• _Goal of the exercise_
Return all of the data exactly, with nothing left out but the pictures.

Records supplied: Begin

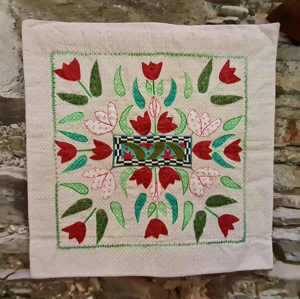 Montons encore quelques marches dans ce beau château et nous découvrons… des tulipes ! Les tulipes ont une longue histoire (voir ici) et leur forme les rendent parmi les favorites des quilteuses… mais aussi des brodeuses afghanes, pour une série splendide !
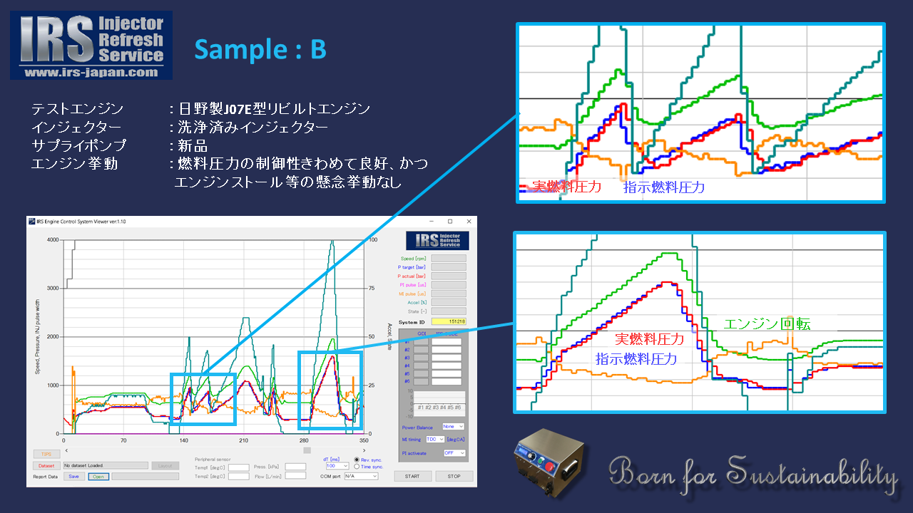 Sample Aの結果を踏まえて、サプライポンプを新品に交換していただいたエンジンが、Sample Bになります。エンジン駆動の結果を見ると、始動性が改善しており、アイドリング制御も良好になったことが確認できます。
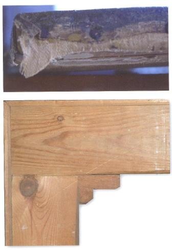 Рис. 1. Небольшой фрагмент укрепления холста саржевого плетения с рисунком «ёлочка». который использовал В.А. Хопман. Рис. 2. Уголок одного из подрамников Хопмана |
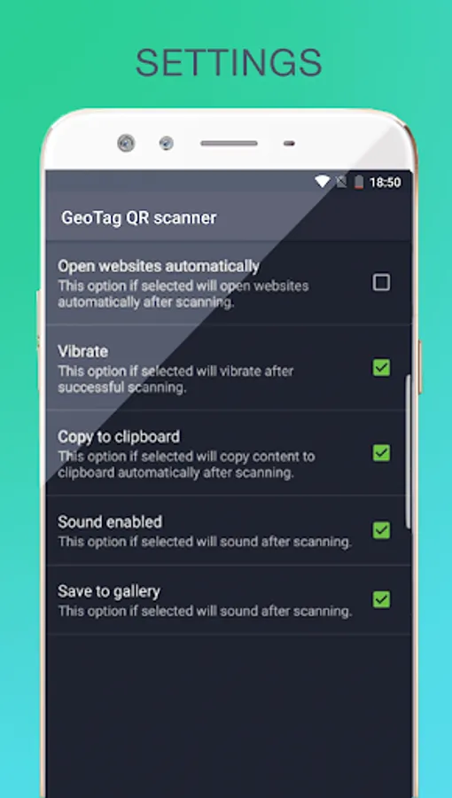 Get a beep and vibration when QR code scanner with geotags successfully recognizes QR code or barcode.
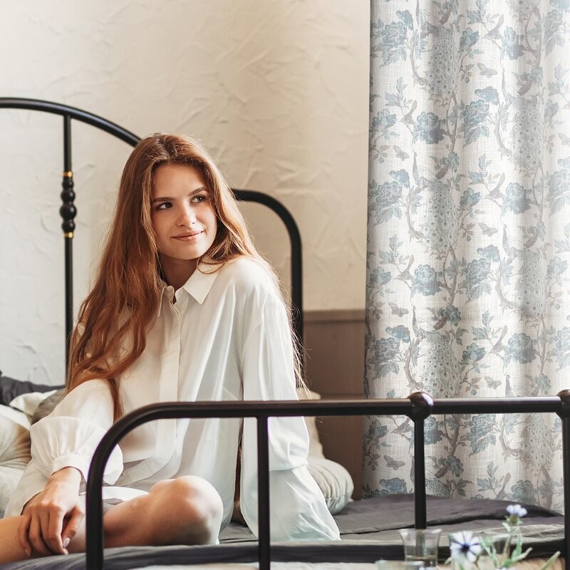 Zasłona KARLA z tkaniny z dodatkiem lnu w stylu eko zdobiona nadrukiem delikatnych kwiatów
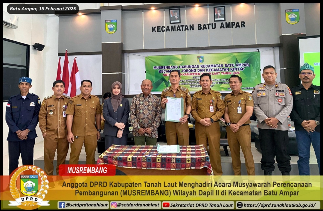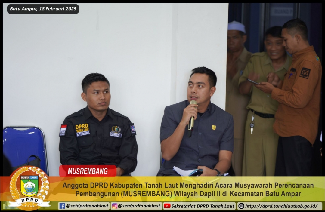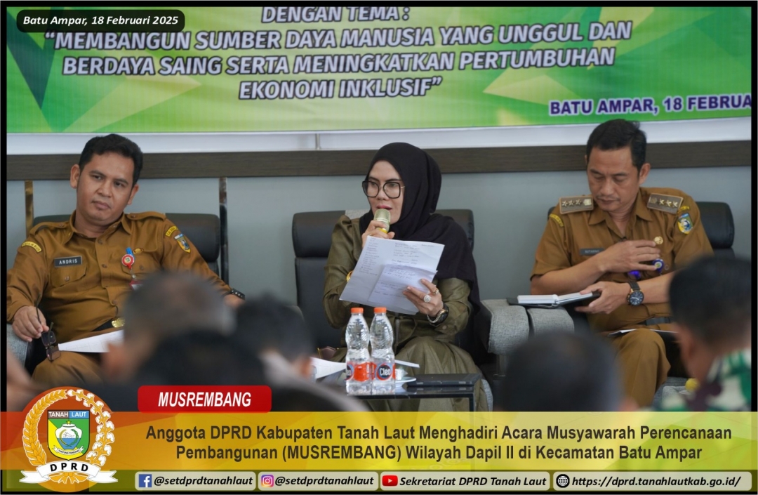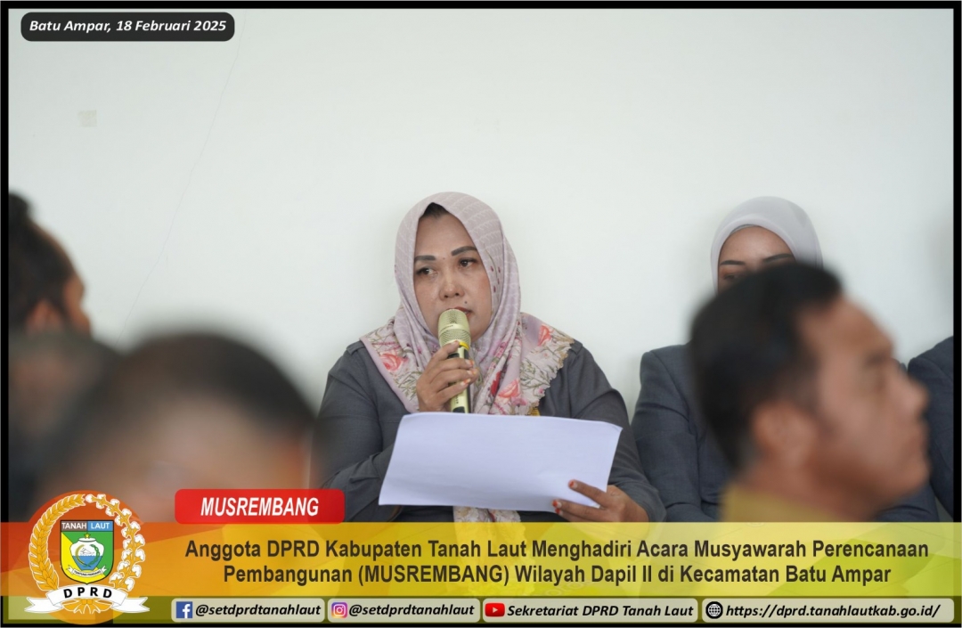 ANGGOTA DPRD KABUPATEN TANAH LAUT MENGHADIRI ACARA MUSYAWARAH PERENCANAAN PEMBANGUNAN (MUSRENBANG) WILAYAH DAPIL II DI KECAMATAN BATU AMPAR
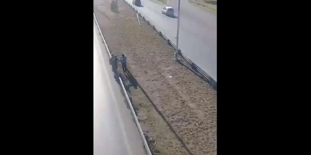 Luego de algunos minutos de tránsito muy fluido, el hombre cruza el acceso de la mano de uno de sus hijos y alzando al otro, mientras que la mujer, dados los gritos que le pegaba la testigo que filmaba la escena desde arriba del puente, decide irse más lejos y allí atraviesa el acceso con otro de los niños.
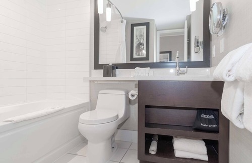 Sandman Signature Langley Hotel offers 196 air-conditioned accommodations with coffee/tea makers and designer toiletries. 32-inch flat-screen televisions come with cable channels. Bathrooms include shower/tub combinations, complimentary toiletries, and hair dryers.
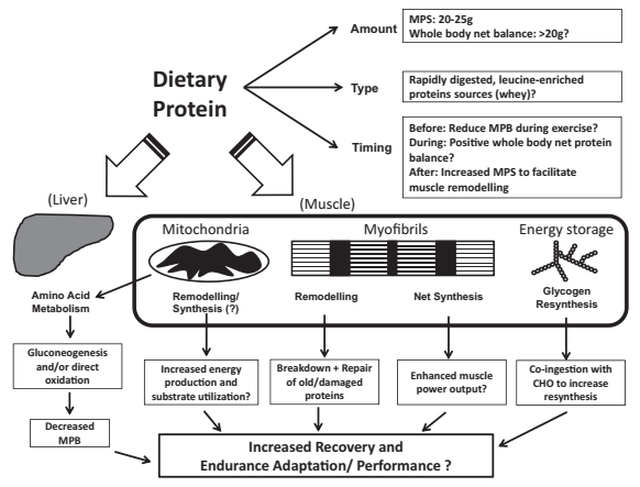 | Figure 6: Overview of the potential effects of protein ingestion on supporting the recovery from endurance-based exercise as means to enhance endurance capacity and performance (Moore 2014). |

Records supplied: End

• _Solution for this problem_
 Montons encore quelques marches dans ce beau château et nous découvrons… des tulipes ! Les tulipes ont une longue histoire (voir ici) et leur forme les rendent parmi les favorites des quilteuses… mais aussi des brodeuses afghanes, pour une série splendide !
 Sample Aの結果を踏まえて、サプライポンプを新品に交換していただいたエンジンが、Sample Bになります。エンジン駆動の結果を見ると、始動性が改善しており、アイドリング制御も良好になったことが確認できます。
 Рис. 1. Небольшой фрагмент укрепления холста саржевого плетения с рисунком «ёлочка». который использовал В.А. Хопман. Рис. 2. Уголок одного из подрамников Хопмана |
 Get a beep and vibration when QR code scanner with geotags successfully recognizes QR code or barcode.
 Zasłona KARLA z tkaniny z dodatkiem lnu w stylu eko zdobiona nadrukiem delikatnych kwiatów
 ANGGOTA DPRD KABUPATEN TANAH LAUT MENGHADIRI ACARA MUSYAWARAH PERENCANAAN PEMBANGUNAN (MUSRENBANG) WILAYAH DAPIL II DI KECAMATAN BATU AMPAR
 Luego de algunos minutos de tránsito muy fluido, el hombre cruza el acceso de la mano de uno de sus hijos y alzando al otro, mientras que la mujer, dados los gritos que le pegaba la testigo que filmaba la escena desde arriba del puente, decide irse más lejos y allí atraviesa el acceso con otro de los niños.
 Sandman Signature Langley Hotel offers 196 air-conditioned accommodations with coffee/tea makers and designer toiletries. 32-inch flat-screen televisions come with cable channels. Bathrooms include shower/tub combinations, complimentary toiletries, and hair dryers.
 | Figure 6: Overview of the potential effects of protein ingestion on supporting the recovery from endurance-based exercise as means to enhance endurance capacity and performance (Moore 2014). |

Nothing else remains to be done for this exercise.